To create a more complex animation, wire Import to Projections and then Projections to Include. Wire AutoColor to RubberSheet (Realization category) and then to Normals (Rendering category). RubberSheet will create a deformed surface from data. Normals will create normals on the deformed surface for shading during rendering. The output from Normals should go to Collect. Double-click on Projections. For the fourth input, projection, enter 4, for polar orthographic projections. Do the same for the third input of WorldMapProjections. Double-click on RubberSheet. Enter -0.15 for the scale input, which will provide for a constant scale for all time steps, and hit OK. Double-click on AutoColor and hit the Expand button. Enter a value of 0.65 for the second input, opacity, and hit OK. This will create a translucent surface.
Hit Execute-Once and you will create two surfaces, one for each hemisphere. Open the View Control dialog box (ctrl-v) in the Image window and select Rotate (ctrl-r). Rotate the surfaces away from you so you can see them at an angle that is preferred. Now hit the play button. You will create an animation sequence of these ozone data as pseudo-colored deformed surfaces for the northern and southern hemispheres in polar orthographic projections, registered over an appropriate map.
The same approach to cartography can be extended into three dimensions. Disconnect the Projections and WorldMapProjections tools.
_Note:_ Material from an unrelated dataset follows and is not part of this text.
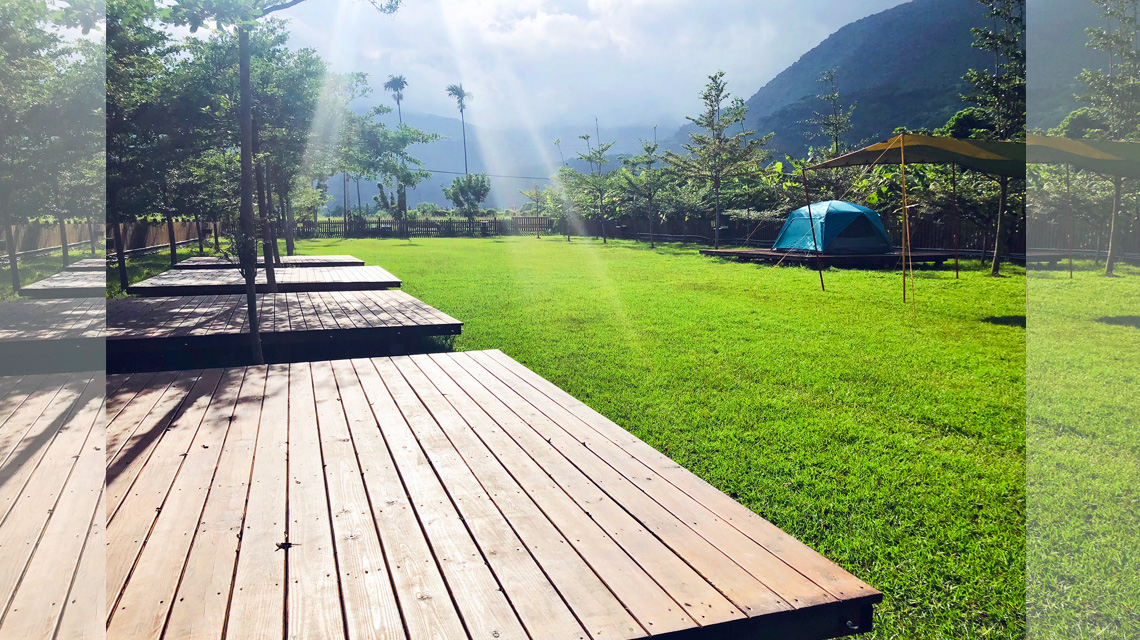 草地營位、木棧板任君選擇(棧板週圍裝有扣環可固定營繩,牢固安心)

From the Cartography category select Sphere and Globe. Wire Sphere after RubberSheet and before Normals. Connect Globe to the now open second input to Collect. Double-click on Globe and enter a 3 for the second input, reduction. Globe provides an earth globe derived from 30-minute resolution topography data. The reduction input allows you to create a lower-resolution globe. Double-click on RubberSheet. Change the scale to 15.0. Hit the Expand button. Enter a 100 for min and 650 for max to ensure a constant scale range for all the time steps. Double-click on Sphere, which transforms data from cartesian to spherical coordinates. Enter 5200 for the radius of the sphere in km and 1 for the flag to inform Sphere that you want the data to be treated as three-dimensional. If you experiment with this radius value and that of the RubberSheet scale, you can control the relative radial deformation and placement of the spherical shell that will be created. If you would like to incorporate your own color and opacity maps, then replace AutoColor with Colormap (Special category) and Color. If you double-click on Colormap, the Color Map Editor will appear. You can then create your own color and opacity maps. Appropriate minimum and maximum values for these data would be 100 and 650.
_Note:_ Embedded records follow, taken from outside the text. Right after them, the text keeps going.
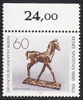 BERLIN 1988 Michel-Nummer 805 postfrisch EINZELMARKE RAND oben (b) - Renée Sintenis, Bildhauerin (Großes Vollblutfohlen)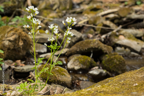 Large bittercress (Cardamine amara). A beautiful plant blooms over a mountain stream. Bieszczady Mountains. Poland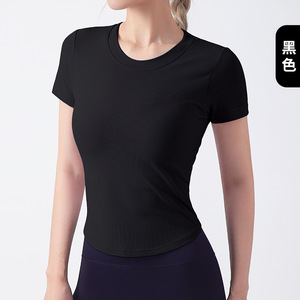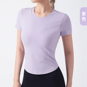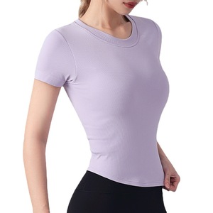 夏の新作スポーツトップス レディース タイトフィット ラウンドネック フィットネスウェア Tシャツ 半袖 固定カップ胸パッド付き ランニング ヨガウェア

In the Image window under Options, select Reset. This will force the program to run and create a new camera view for these data, which will now be shown in spherical, earth-centered coordinates. You may choose to rotate the view to see a different part of the earth by selecting View Control (ctrl-v) under Options in the Image window, followed by selecting Rotate (ctrl-r). After you have an image that you like with the appropriate geographic orientation hit the play button on the Sequencer. An animation will be produced, which will show total ozone circulating around the globe.